Although PCR-RFLP is of importance in the epidemiological studies and very little amplified DNA is required, it does not reveal the full extent of sequence variation in some strains [15, 23]. However, the RFLP analysis using the enzyme Alu 1 is still preferred by many and it can differentiate between most of the serovars of C. trachomatis and thus this could be a starting point for further differentiation of the isolates by sequencing techniques [24]. Nevertheless, RFLP performed directly with cervical specimens in the present study, showed that, under optimized reaction conditions, amplification of an approximately 1 kb omp1 fragment followed by digestion with Alu1 enzyme could determine the most prevalent serovar of C. trachomatis. This is in agreement with the observations by others [21]. For comparison purposes, we had included a few specimens from C. trachomatis eye infections for genotyping, these belonged to serovar A which corroborated with our previous serotyping result [25]. This further strengthens the authenticity of the results of the present study. Although we could detect only C. trachomatis serovar E, from India, others have reported presence of servaors D, E, G I, and F, representing 92% of their isolates [8]. In another study from a different part of world, C. trachomatis serovars D, E, and F were found to be the most common types by RFLP pattern analysis in 35 specimens from urogenital infections [26].

5. Conclusion

Overall Chlamydia antigen detection rate varied from 12.2% to 27% in different female genital infection patients (2466) attending hospital over a period of 16 years in New Delhi, India.

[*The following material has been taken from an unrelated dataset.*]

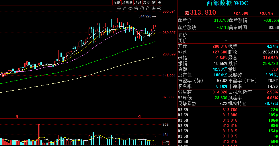 此外,美股的存储芯片股也都在走强,美光科技、西部数据、希捷科技等龙头纷纷大涨。
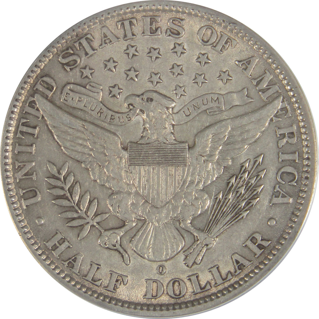 A genuine 1907 O Barber Silver Half Dollar Coin, graded and certified EF 45 by ANACS. Contains 90% Silver

Even though the exact reason was not clear, there was significant decline and an apparent decline in Chlamydia antigen positivity between years 1994–2000 and 2000–10, respectively. In the 333 specimens processed for both antigen detection and PCR assay, equal number of positives (13.2%) was detected with concordant results. PCR-based RFLP pattern analysis concluded the prevalent serovar as C. trachomatis serovar E in cervicitis patients.

Conflict of Interests

There is no conflict of interests with any one regarding this study.

Acknowledgments

This study was partly supported by ad hoc research grants from Indian Council of Medical Research and partly supported by internal funding from Dr R. P. Centre for Ophthalmic Sciences, AIIMS, New Delhi.